→ **YOUR OBJECTIVE**: Please copy each line of the listing below precisely, excluding the images.

→ **DATA BELOW**:
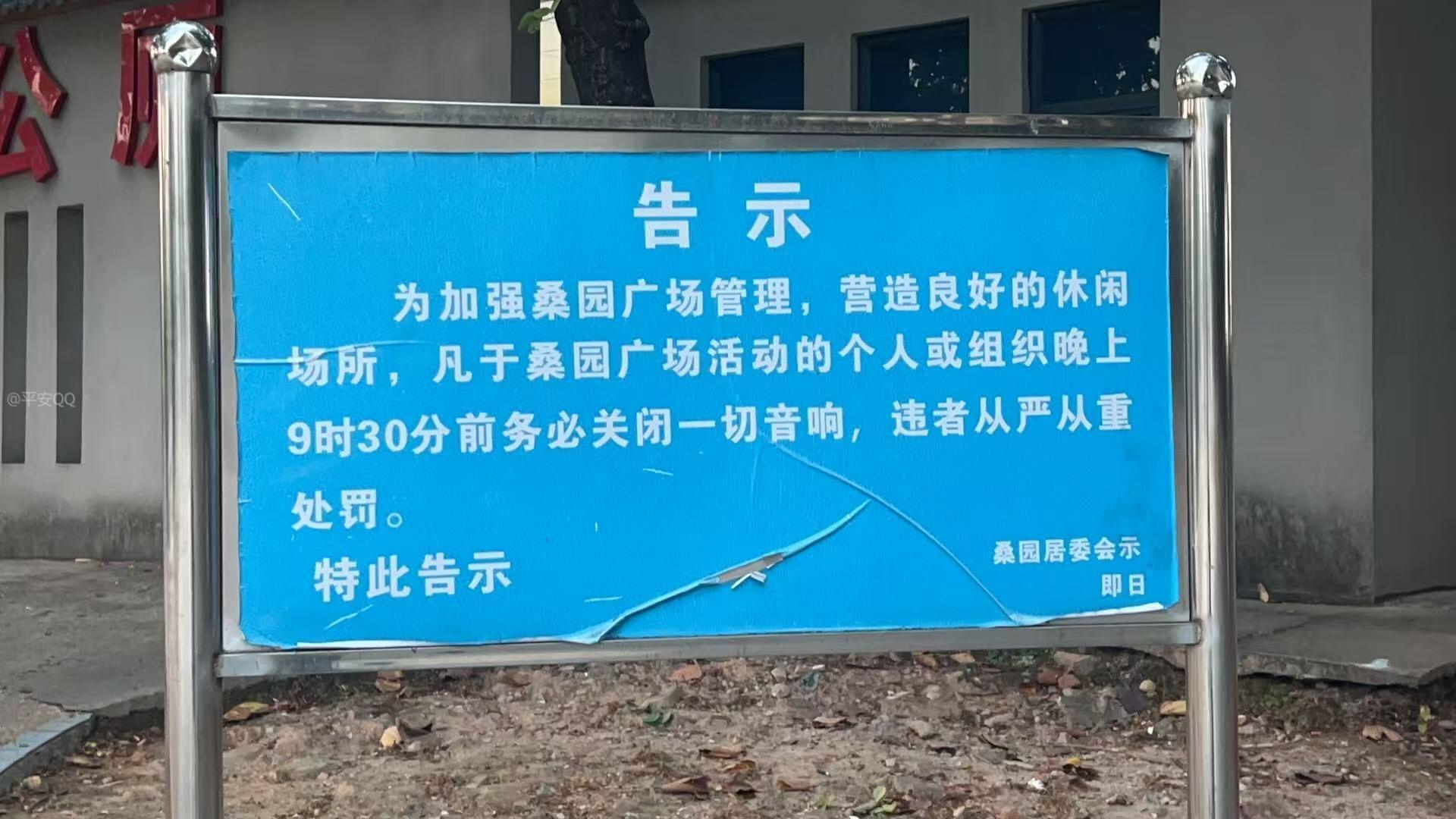 发现桑园广场有警示牌警示,设立单位为桑园居委会,严禁晚间 9:30 后有任何一切声响。但是只是形式主义,宣而不治,疏于管理。从过去一直存在的噪音扰民情况来看,有关负责单位长期不作为,不对任何噪音扰民之投诉加以重视!
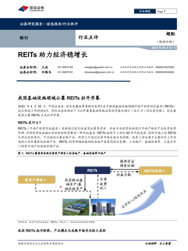【国信证券】【20200507】银行行业点评:REITs助力经济稳增长-9页 行业研究
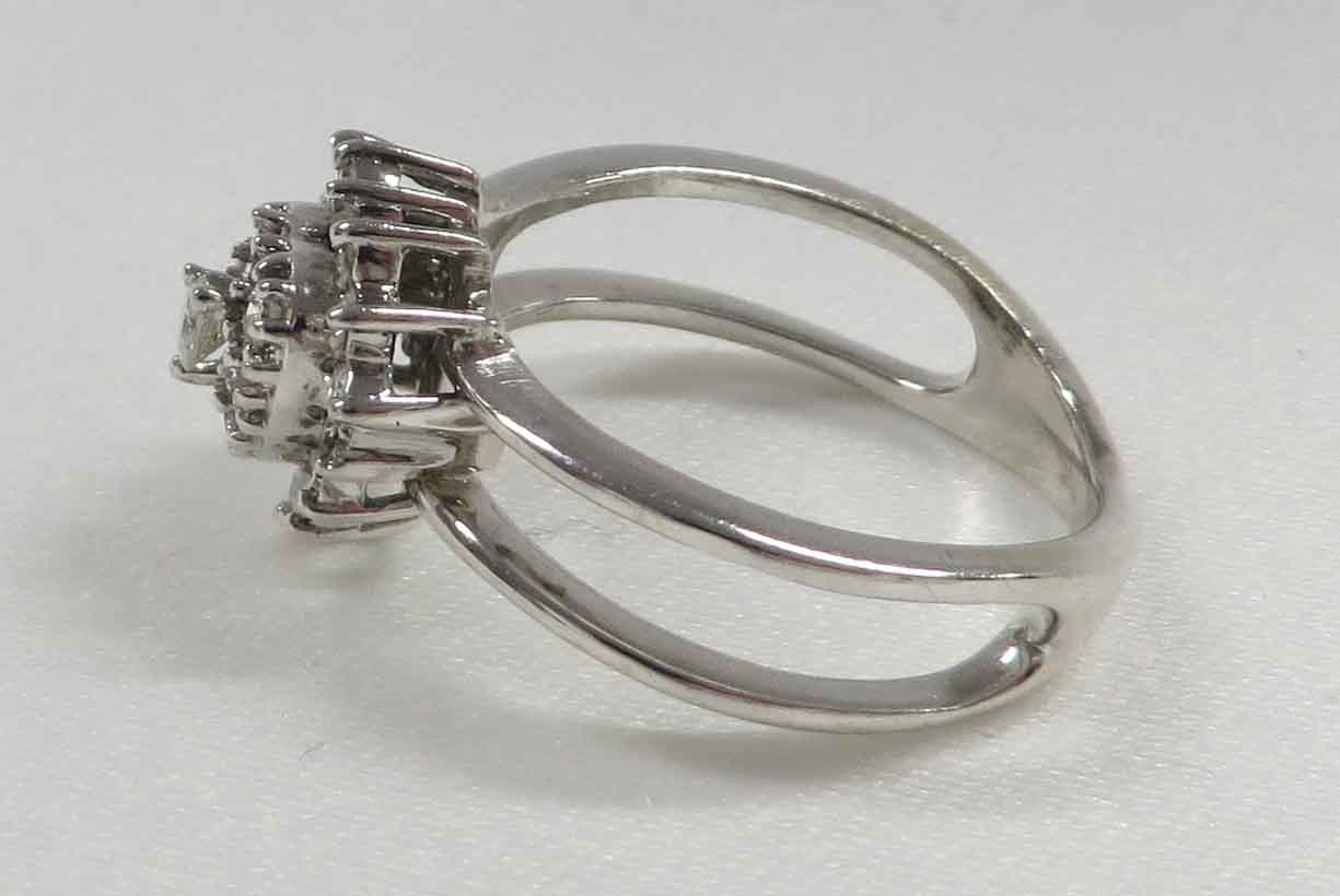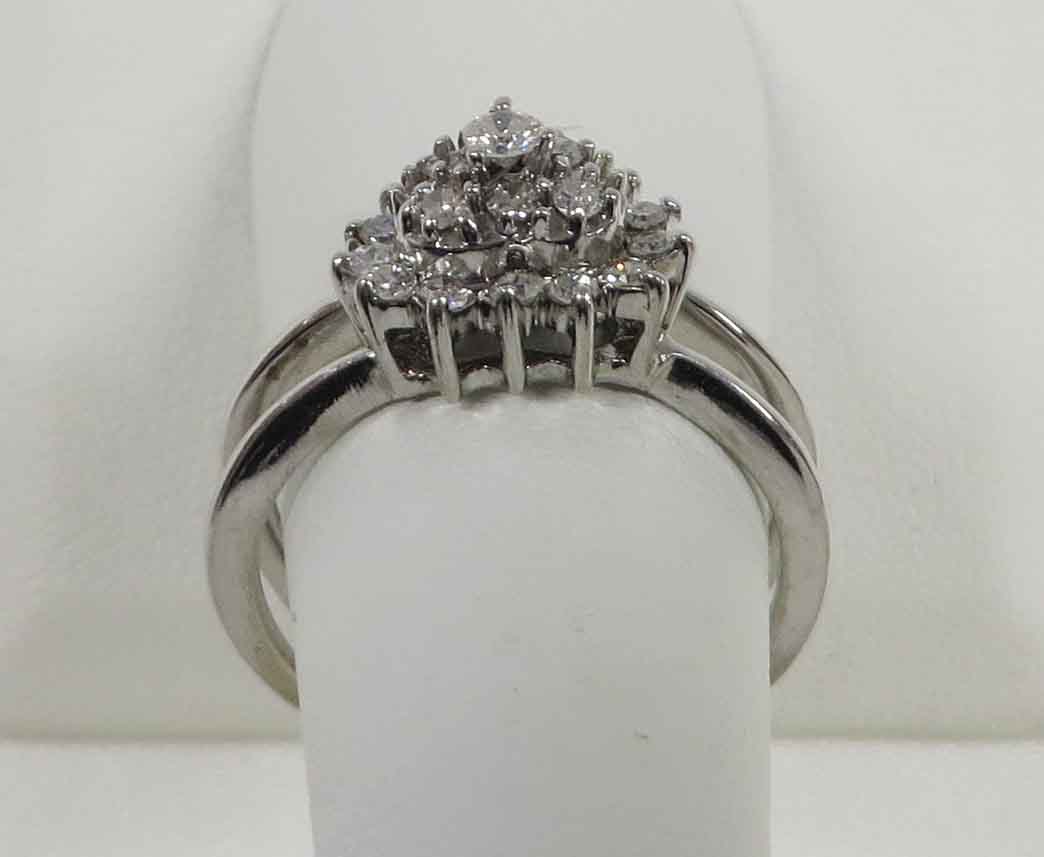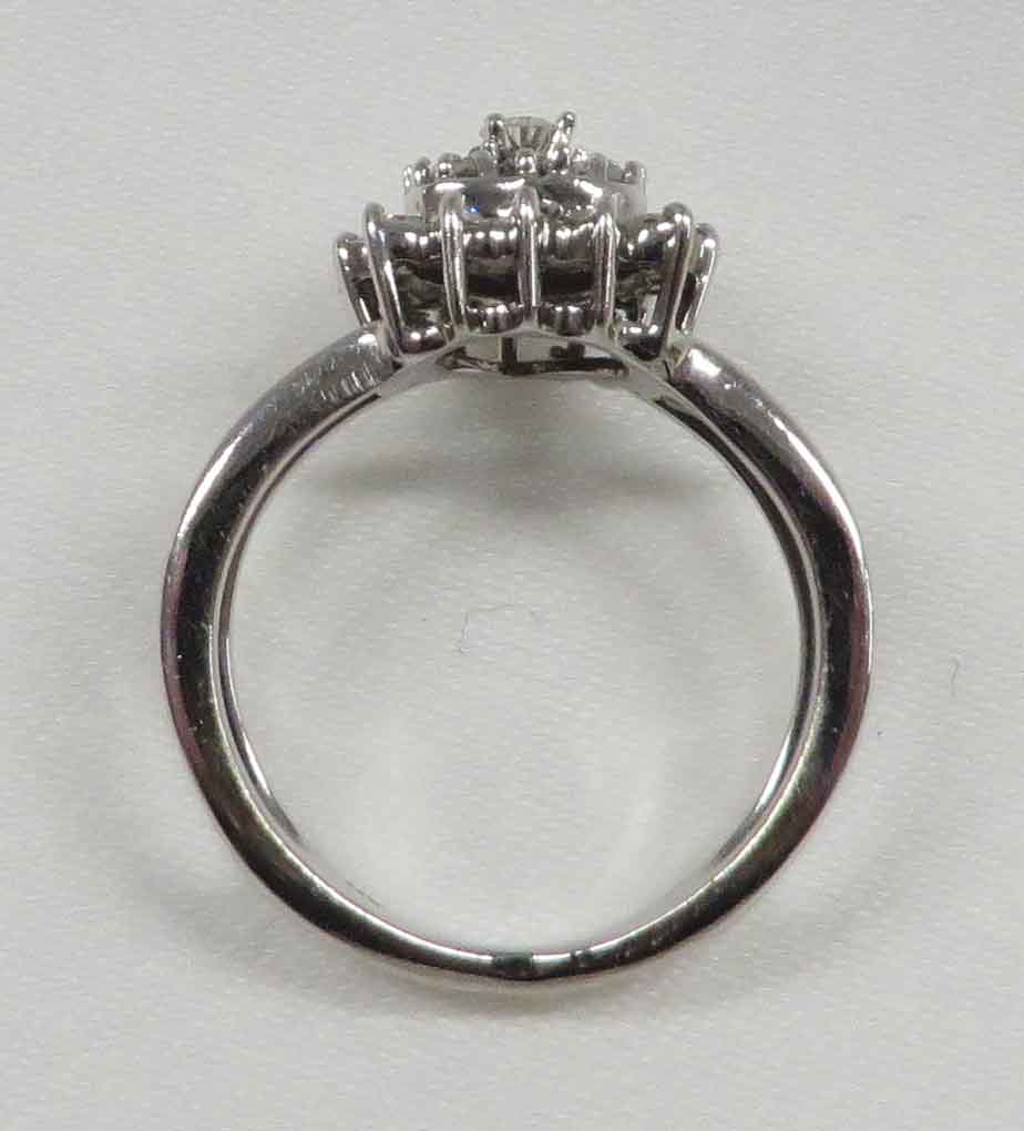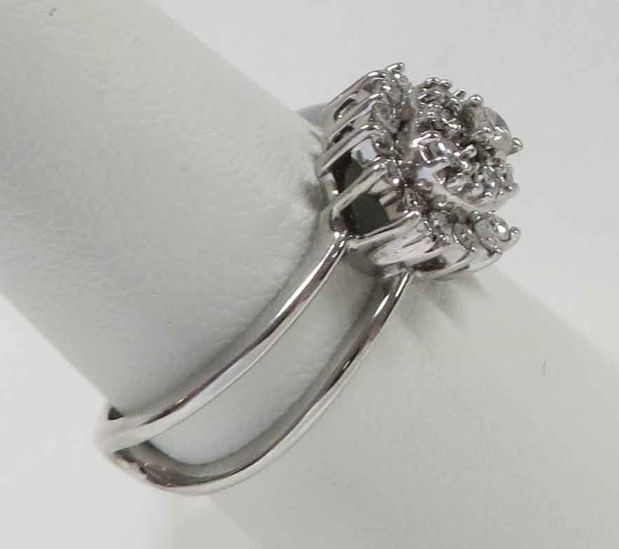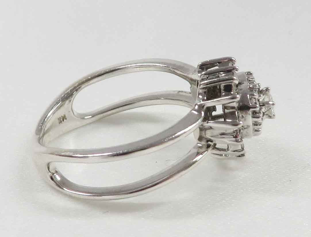 Heart Halo is a 14 karat White Gold Diamond Heart Cluster Ring.  This Heart cluster features tiny round prong set Diamonds in two levels.  In the center of the second level is a larger round prong set Diamond.  The Diamonds are set in a bridge style heart shaped mounting.  The total carat weight of all the Diamonds is .50 carats.  The Clarity is VS2 and the Color is I.   Two open White Gold Bands are formed from the heart mounting.  They come together in the back to form a solid band.  Hallmarked “14K”.  Size 7 3/4″.

→ **EXPECTED OUTPUT**:
 发现桑园广场有警示牌警示,设立单位为桑园居委会,严禁晚间 9:30 后有任何一切声响。但是只是形式主义,宣而不治,疏于管理。从过去一直存在的噪音扰民情况来看,有关负责单位长期不作为,不对任何噪音扰民之投诉加以重视!
【国信证券】【20200507】银行行业点评:REITs助力经济稳增长-9页 行业研究
 Heart Halo is a 14 karat White Gold Diamond Heart Cluster Ring.  This Heart cluster features tiny round prong set Diamonds in two levels.  In the center of the second level is a larger round prong set Diamond.  The Diamonds are set in a bridge style heart shaped mounting.  The total carat weight of all the Diamonds is .50 carats.  The Clarity is VS2 and the Color is I.   Two open White Gold Bands are formed from the heart mounting.  They come together in the back to form a solid band.  Hallmarked “14K”.  Size 7 3/4″.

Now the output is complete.